Dazu arbeite ich mit dem Ansatz des "Voice Dialogue", der von Hal und Sidra Stone, einem amerikanischen Psychiaterehepaar, entwickelt wurde. "Voice Dialogue" oder Stimmendialog heisst, den seelischen Energien Gehör zu geben. Es geht nicht darum, diese inneren Anteile zu therapieren oder loszuwerden, sondern sie zu akzeptieren und zu integrieren. Oder: wieder Lenker der Kutsche zu werden, anstatt den Pferden Richtung und Tempo zu überlassen. Dazu ist es notwendig, zu hören, was ein bestimmter Anteil in mir tut, was er für mich möchte und wovor er mich zu schützen versucht und wann seine spezielle Art und Weise hilfreich ist und gewünscht, und wann eher hinderlich. Mein "bewusstes Ich" ist dabei die Instanz, aus der ich lernen kann zu agieren ohne Identifizierung mit einem Teilaspekt.

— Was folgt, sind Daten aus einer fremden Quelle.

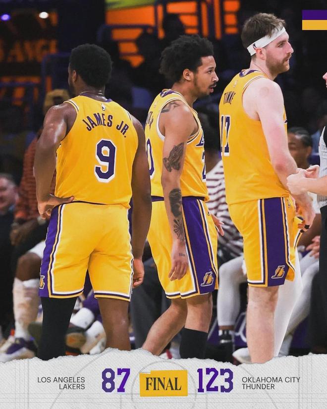 第四節(jié)雙方換上純替補(bǔ)陣容,雷霆單節(jié)30-25凈勝5分。全場結(jié)束,雷霆123-87大勝湖人36分,本賽季4比0橫掃湖人。這四場比賽,雷霆分別凈勝29分、9分、43分和36分,合計(jì)117分。最近一周,雷霆兩次跟湖人交手,贏了79分!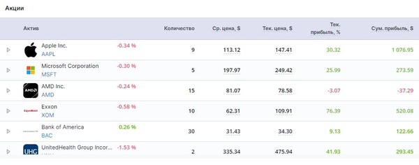 В подразделе «Состав портфеля» отображается таблица с основными показателями доходности – вклад актива в общую доходность, изменение цены за день, доля в общем объеме инвестиций.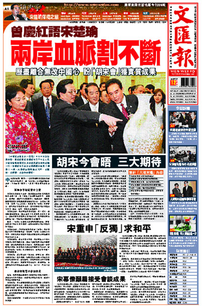 [2005-05-12] 宋楚瑜搭橋之旅.曾慶紅語宋楚瑜:兩岸血脈割不斷 放大圖片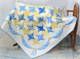 I might be (a LITTLE BIT) biased, but I really like the design she created. Some pieced elements, some applique. Can be created vertically as a wall hanging (as shown here). Or horizonally in a row. Tablerunner? I want to make a baby quilt with the flower blocks and a section with the applique Forget Me Not words.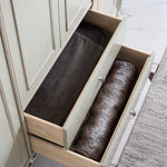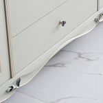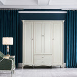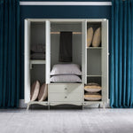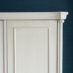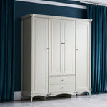 The Antoinette French Wardrobe Cabinet makes a grand addition to any bedroom, with its light grey finish complemented by individually hand carved ornaments in gold and silver accent. Perfect for keeping your wardrobe organised or general storage use, with storage provided by a combination of storage shelves, two bottom drawers and a clothes rack. Subtle curves flow throughout with support provided by cabriole legs.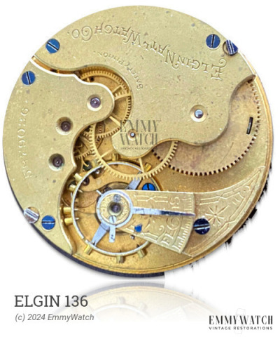 The Elgin 136 is a manual wind watch movement that features a sweep second function. It was primarily used during the period around 1960.

Die konkrete Arbeit entält u.a. Elemente aus der Aufstellungsarbeit, Imaginationstechniken, Gesprächstherapie. Als Heilpraktikerin für Psychotherapie unterstütze und begleite ich diese Prozesse.

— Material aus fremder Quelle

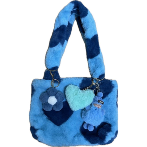 全新台灣現貨 毛絨包包 愛心拼接毛毛包 附可愛掛飾 手提單肩包 托特包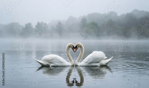 Fototapeta premium Two White Swans Forming a Heart Shape on Misty Lake. Romantic Wildlife Scene in Foggy Morning. Perfect for Valentine’s Day and Love Concepts
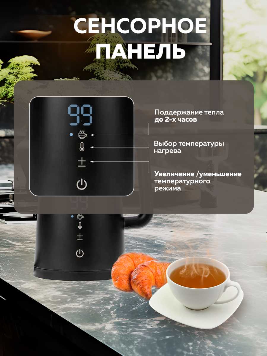 - + Красивый дизайн, долгое время держит тепло и можно с кровати включать чайник 😅🤗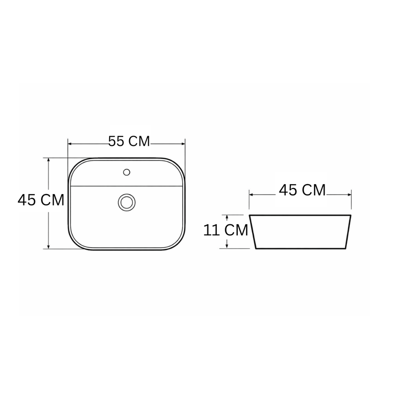 Cette vasque est disponible en dimension 55 x 45 cm ou 65 x 45 cm.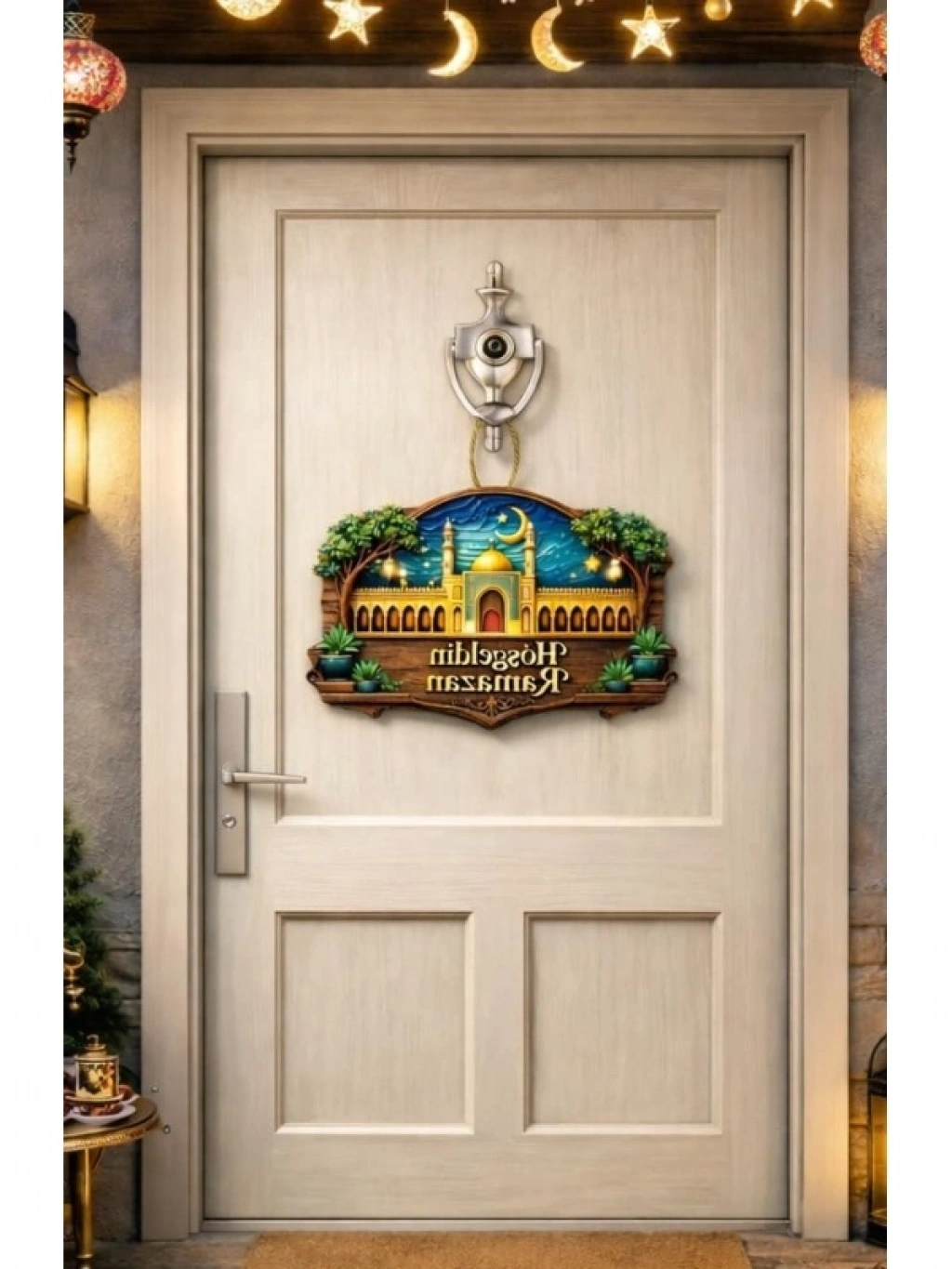 Ramazan ayının coşkusunu evinize taşıyan bu dekoratif kapı süsü, 30-27 cm ölçüleriyle dikkat çekiyor. 1. sınıf ahşap malzemeden üretilmiş olan bu süs, renkli boyama ile tasarlanmış olup, hem iç mekan hem de dış mekan kullanımı için idealdir. Ramazan süresince kapınızı süsleyerek misafirlerinizi karşılamak için mükemmel bir seçimdir. Dayanıklı yapısı sayesinde uzun süre kullanabilirsiniz.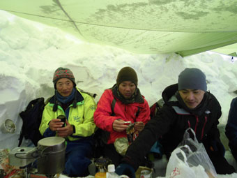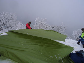 大小2枚のタープを張ったが、場所によっては、風が吹き込み寒かったようである。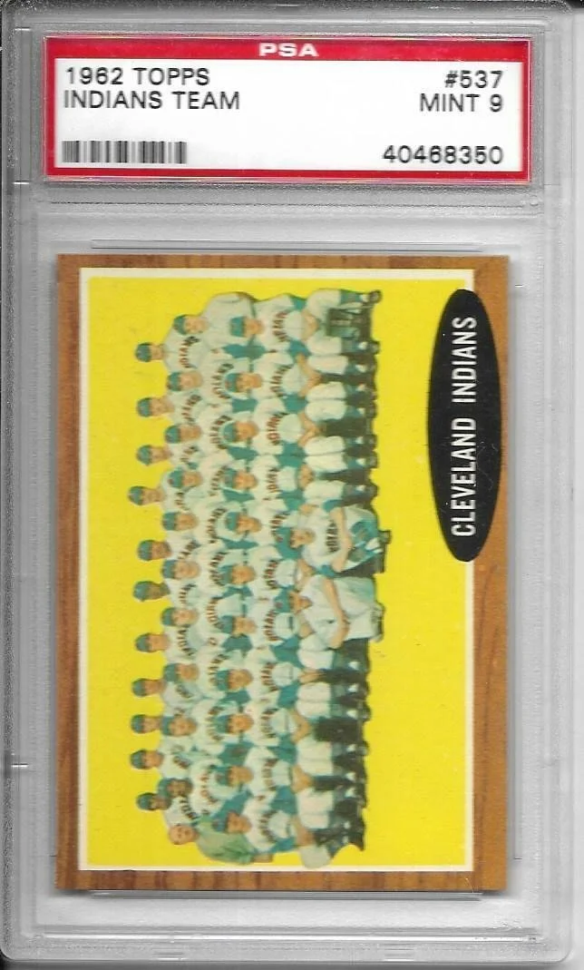 Shop › 1962 Topps Indians Team 537 PSA 9 Indians 2267 Image 1 of 1 1962 Topps Indians Team 537 PSA 9 Indians 2267 $245.00 Kriskepplersportscards Add To Cart Added! Kriskepplersportscards

Ein weiterer Schwerpunkt meiner Arbeit liegt in der Trauerbegleitung. Denn Trauer, besonders, wenn es um Sterben und Tod geht, ist gesellschaftlich problematisch besetzt. Da wir kaum öffentlich trauern und Menschen in unserem sozialen Umfeld sich schnell überfordert fühlen mit einem trauernden Menschen, biete ich einen Raum an - physisch wie psychisch - in dem alle dazugehörigen Gefühle und Gedanken ihren Platz haben (dürfen).
Trauer ist eine natürliche Reaktion auf Verlust - und verlieren können wir auch Heimat, Arbeitsplatz, Gesundheit, Träume ... Um sich wieder dem Leben zu öffnen braucht es manchmal eine Zeit, und um diese zu bewältigen biete ich meine Hilfe. Je nach Erfordernissen, konkretem Thema der Trauer und individueller Neigung kommen Elemente aus der Tiefenpsychologie und der Systemischen Therapie oder auch der Humanistischen Ansätze dabei zum Tragen.

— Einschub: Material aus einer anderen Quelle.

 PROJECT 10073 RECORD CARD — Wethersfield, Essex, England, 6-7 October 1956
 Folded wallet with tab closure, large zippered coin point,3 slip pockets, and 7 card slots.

Noch ein Schwerpunkt, der sich aus meiner ehrenamtlichen Tätigkeit ergeben hat ist die Beratung und therapeutische Begleitung von Angehörigen Demenzerkrankter. Ein in Zukunft immer wichtiger werdender Bereich unserer Gesellschaft sind die (z.T. sehr provokanten) Fragen, die damit verknüpft sind: Dürfen wir einfach verrückt werden im Alter und können wir uns darauf verlassen, dass Nichtverrückte sich um uns kümmern? Darf ich noch (An)teil haben am Leben oder brauche ich eine spezielle Einrichtung, die auf meine (schwindenden) Möglichkeiten und Fähigkeiten zugeschnitten ist? Wie kommuniziere ich mit Euch - und Ihr mit mir? Darf ich als Pflegende meine eigenen Bedürfnisse und Wünsche an das  "normale" Leben noch haben? Wann ist der richtige Zeitpunkt, nicht mehr alleine zuständig sein zu wollen/können? Wie gehe ich mit Schuld- und Schamgefühlen um - auch innerhalb der Familie? Bei wem kann ich Hilfe und Unterstützung finden, wenn die Pflege mich zu viel Kraft kostet, ich nicht mehr kann oder will? Um diese und andere Fragen zu bewegen biete ich 2x/Monat für Betroffene einen offenen Abend in meiner Praxis an. Einzelgespräche sind nach Terminabsprache jederzeit möglich.